- **Task item**:
Set down each entry as it stands. Skip the pictures.

- **Dataset entries**:
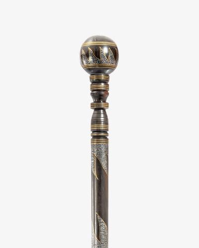 A luxurious crutch made of natural Ebanus wood, decorated with engraved metal, polished in a professional manner, soft to the touch, with a longitudinal handle, handmade by the most skilled craftsmen specialized in manufacturing crutches from natural wood, and polished professionally for multiple uses, suitable for social occasions for all tastes.
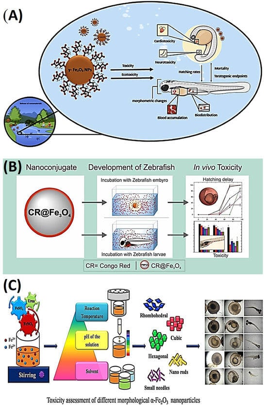(A) Developmental toxicity of iron oxide nanoparticles (IONPs) and dissolved iron in zebrafish embryos. IONPs accumulated on the chorion and caused sublethal cardiotoxic effects. Semi-static exposure induced higher embryotoxicity than static exposure. Reproduced with permission from ref. [], Elsevier 2020. (B) Evaluating the developmental toxicity of CR@Fe3O4 NPs toward zebrafish. Reproduced with permission from ref. [], Elsevier 2020. (C) Schematic illustration of toxicological assessment of different IONPs using a zebrafish model. Reproduced with permission from ref. [], Elsevier 2019.
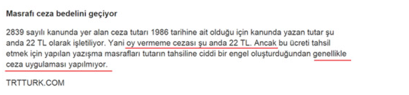 "2839 sayılı kanunda yer alan ceza tutarı 1986 tarihine ait olduğu için kanunda yazan tutar şu anda 22 TL olarak işletiliyor. Yani oy vermeme cezası şu anda 22 TL. Ancak bu ücreti tahsil etmek için yapılan yazışma masrafları tutarın tahsiline ciddi bir engel oluşturduğundan genellikle ceza uygulaması yapılmıyor."
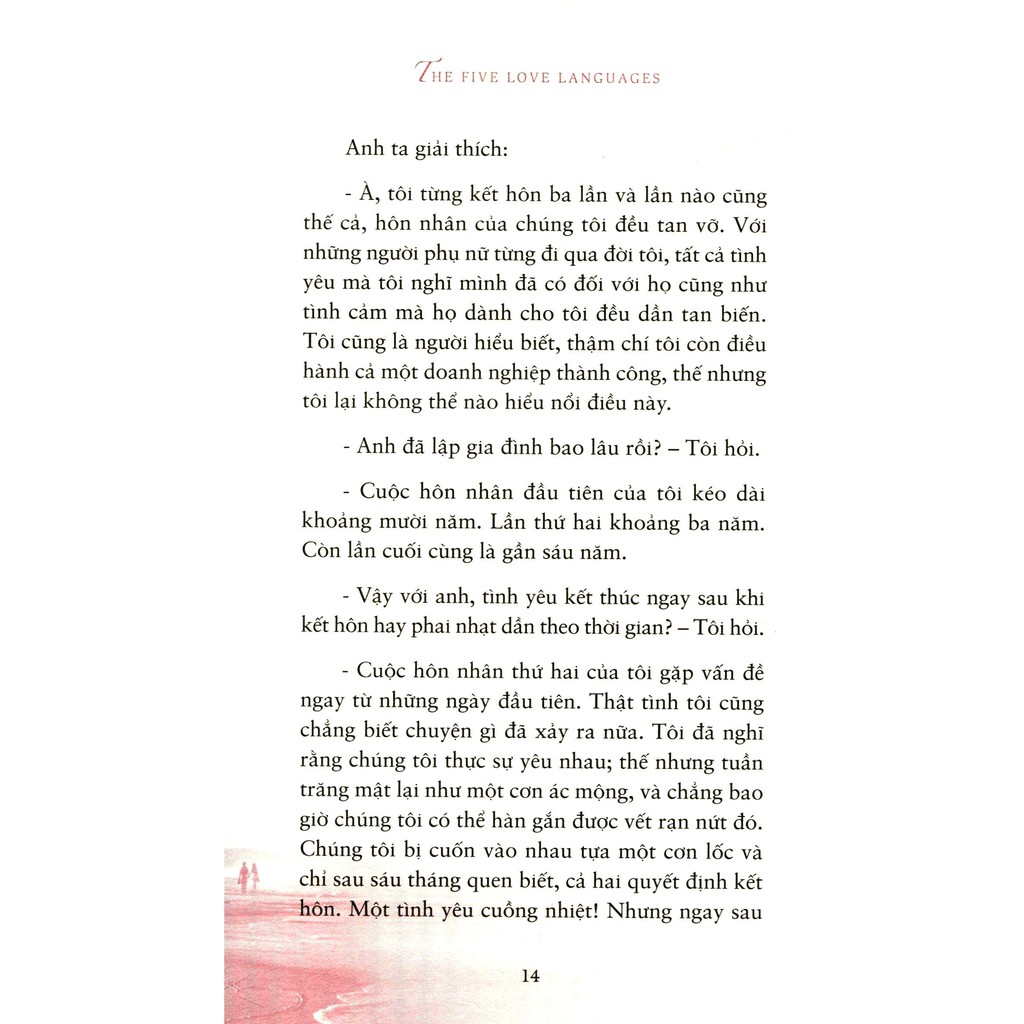 THÔNG TIN CHI TIẾT Công ty phát hành First News – Trí Việt Tác giả Gary Chapman NXB Tổng Hợp TPHcm Ngày xuất bản 09-2018 Kích thước 13 x 20.5 cm Dịch Giả Việt Hà – Minh Tươi Loại bìa Bìa mềm Số trang 240 GIỚI THIỆU SÁCH Năm ngôn ngữ tình yêu – tác phẩm nổi tiếng về tình yêu của giáo sư Gary Chapman sẽ khám phá trog mỗi con người đều có những ước muốn và cách thể hiện tình yêu khác nhau. Một khi hiểu được điều bí ẩn đó và biết sử dụng đúng ngôn ngữ của tình yêu, bạn sẽ có thể mở được và làm trái tim của người bạn yêu thương tràn ngập hạnh phúc và tình yêu của bạn ngày càng bền chặt và luôn mới mẻ, khi cả hai người đều cảm thấy được quan tâm, yêu thương và chia sẻ. Đó là bí quyết và là con đường ngắn nhất để bạn có được một tình yêu mà bạn hằng mong muồn và có được hạnh phúc thật sự. Cuốn sách luôn nằm trong danh sách những cuốn sách bán chạy nhất thế giới và đã được dịch ra hơn 40 ngôn ngữ….
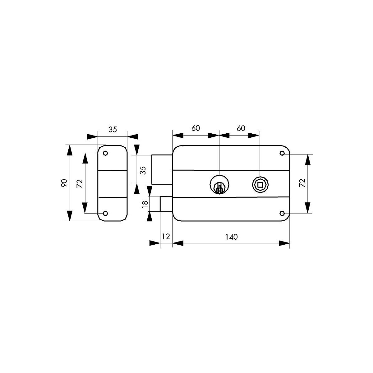 Destination: Porte d'entrée Forme de la serrure: Horizontale Ouverture de la porte: A gauche Ouverture de la serrure par: Poignée Tirant / poussant: Tirant Couleur: Noir Matière du coffre: Acier Traitement anticorrosion: Non Type de clé: Clé crantée Nombre de clés: 3 Accessoires fournis: Vis de fixation Cylindre fourni: Oui Pêne réversible: Non Gâche fournie: Non Hauteur de la gâche (en mm): 90 Largeur de la gâche (en mm): 35 Entraxe de fixation hauteur de la gâche (en mm): 57 Epaisseur maximum de la porte (en mm): 45 Entraxe (en mm): 70 Section du carré (fouillot) (en mm): 6 Largeur du coffre (en mm): 140 Hauteur du coffre (en mm): 90 Epaisseur du coffre (en mm): 20 Entraxe de fixation hauteur du coffre (en mm): 72 Produit emballé : hauteur (en cm): 21.3 Produit emballé : largeur (en cm): 24.3 Produit emballé : profondeur (en cm): 9.9 Produit emballé : poids (en kg): 1.136
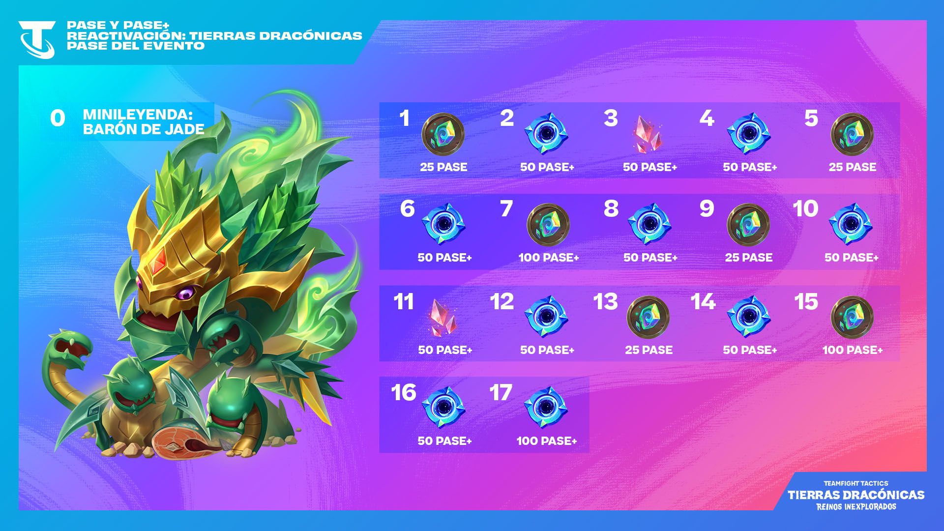 El Pase+ de Reactivación de Set contará con 500 Piezas del Tesoro, 200 Cristales de Reino, 100 Fragmentos de Estrella y la Minileyenda exclusiva Barón de Jade. ¡Llévense el suyo hoy por 975 RP!
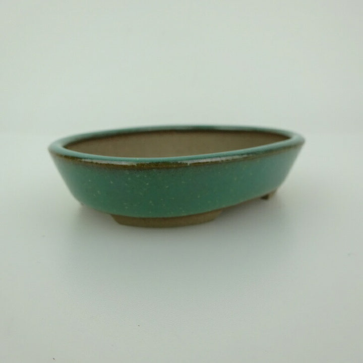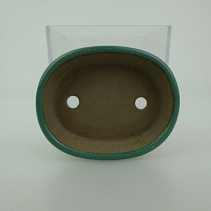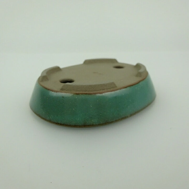盆栽鉢 青香 小鉢 長辺 約8.3cm 楕円鉢 釉薬 f1198410681
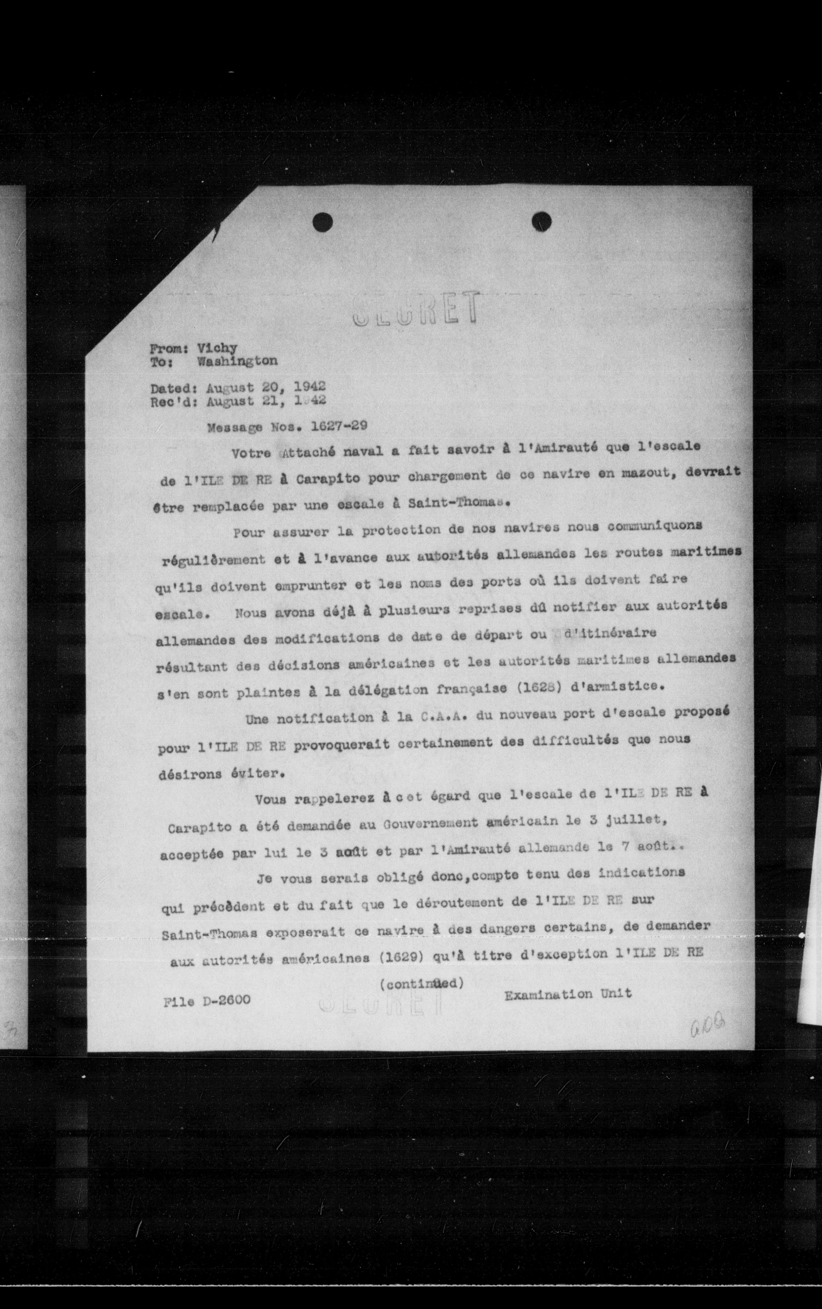 Pour assurer la protection de nos navires nous communiquons régulièrement et à l'avance aux autorités allemandes les routes maritimes qu'ils doivent emprunter et les noms des ports où ils doivent faire escale. Nous avons déjà à plusieurs reprises dû notifier aux autorités allemandes des modifications de date de départ ou d'itinéraire résultant des décisions américaines et les autorités maritimes allemandes s'en sont plaintes à la délégation française (1628) d'armistice.

- **Solved exercise**:
 A luxurious crutch made of natural Ebanus wood, decorated with engraved metal, polished in a professional manner, soft to the touch, with a longitudinal handle, handmade by the most skilled craftsmen specialized in manufacturing crutches from natural wood, and polished professionally for multiple uses, suitable for social occasions for all tastes.
(A) Developmental toxicity of iron oxide nanoparticles (IONPs) and dissolved iron in zebrafish embryos. IONPs accumulated on the chorion and caused sublethal cardiotoxic effects. Semi-static exposure induced higher embryotoxicity than static exposure. Reproduced with permission from ref. [], Elsevier 2020. (B) Evaluating the developmental toxicity of CR@Fe3O4 NPs toward zebrafish. Reproduced with permission from ref. [], Elsevier 2020. (C) Schematic illustration of toxicological assessment of different IONPs using a zebrafish model. Reproduced with permission from ref. [], Elsevier 2019.
 "2839 sayılı kanunda yer alan ceza tutarı 1986 tarihine ait olduğu için kanunda yazan tutar şu anda 22 TL olarak işletiliyor. Yani oy vermeme cezası şu anda 22 TL. Ancak bu ücreti tahsil etmek için yapılan yazışma masrafları tutarın tahsiline ciddi bir engel oluşturduğundan genellikle ceza uygulaması yapılmıyor."
 THÔNG TIN CHI TIẾT Công ty phát hành First News – Trí Việt Tác giả Gary Chapman NXB Tổng Hợp TPHcm Ngày xuất bản 09-2018 Kích thước 13 x 20.5 cm Dịch Giả Việt Hà – Minh Tươi Loại bìa Bìa mềm Số trang 240 GIỚI THIỆU SÁCH Năm ngôn ngữ tình yêu – tác phẩm nổi tiếng về tình yêu của giáo sư Gary Chapman sẽ khám phá trog mỗi con người đều có những ước muốn và cách thể hiện tình yêu khác nhau. Một khi hiểu được điều bí ẩn đó và biết sử dụng đúng ngôn ngữ của tình yêu, bạn sẽ có thể mở được và làm trái tim của người bạn yêu thương tràn ngập hạnh phúc và tình yêu của bạn ngày càng bền chặt và luôn mới mẻ, khi cả hai người đều cảm thấy được quan tâm, yêu thương và chia sẻ. Đó là bí quyết và là con đường ngắn nhất để bạn có được một tình yêu mà bạn hằng mong muồn và có được hạnh phúc thật sự. Cuốn sách luôn nằm trong danh sách những cuốn sách bán chạy nhất thế giới và đã được dịch ra hơn 40 ngôn ngữ….
 Destination: Porte d'entrée Forme de la serrure: Horizontale Ouverture de la porte: A gauche Ouverture de la serrure par: Poignée Tirant / poussant: Tirant Couleur: Noir Matière du coffre: Acier Traitement anticorrosion: Non Type de clé: Clé crantée Nombre de clés: 3 Accessoires fournis: Vis de fixation Cylindre fourni: Oui Pêne réversible: Non Gâche fournie: Non Hauteur de la gâche (en mm): 90 Largeur de la gâche (en mm): 35 Entraxe de fixation hauteur de la gâche (en mm): 57 Epaisseur maximum de la porte (en mm): 45 Entraxe (en mm): 70 Section du carré (fouillot) (en mm): 6 Largeur du coffre (en mm): 140 Hauteur du coffre (en mm): 90 Epaisseur du coffre (en mm): 20 Entraxe de fixation hauteur du coffre (en mm): 72 Produit emballé : hauteur (en cm): 21.3 Produit emballé : largeur (en cm): 24.3 Produit emballé : profondeur (en cm): 9.9 Produit emballé : poids (en kg): 1.136
 El Pase+ de Reactivación de Set contará con 500 Piezas del Tesoro, 200 Cristales de Reino, 100 Fragmentos de Estrella y la Minileyenda exclusiva Barón de Jade. ¡Llévense el suyo hoy por 975 RP!
盆栽鉢 青香 小鉢 長辺 約8.3cm 楕円鉢 釉薬 f1198410681
 Pour assurer la protection de nos navires nous communiquons régulièrement et à l'avance aux autorités allemandes les routes maritimes qu'ils doivent emprunter et les noms des ports où ils doivent faire escale. Nous avons déjà à plusieurs reprises dû notifier aux autorités allemandes des modifications de date de départ ou d'itinéraire résultant des décisions américaines et les autorités maritimes allemandes s'en sont plaintes à la délégation française (1628) d'armistice.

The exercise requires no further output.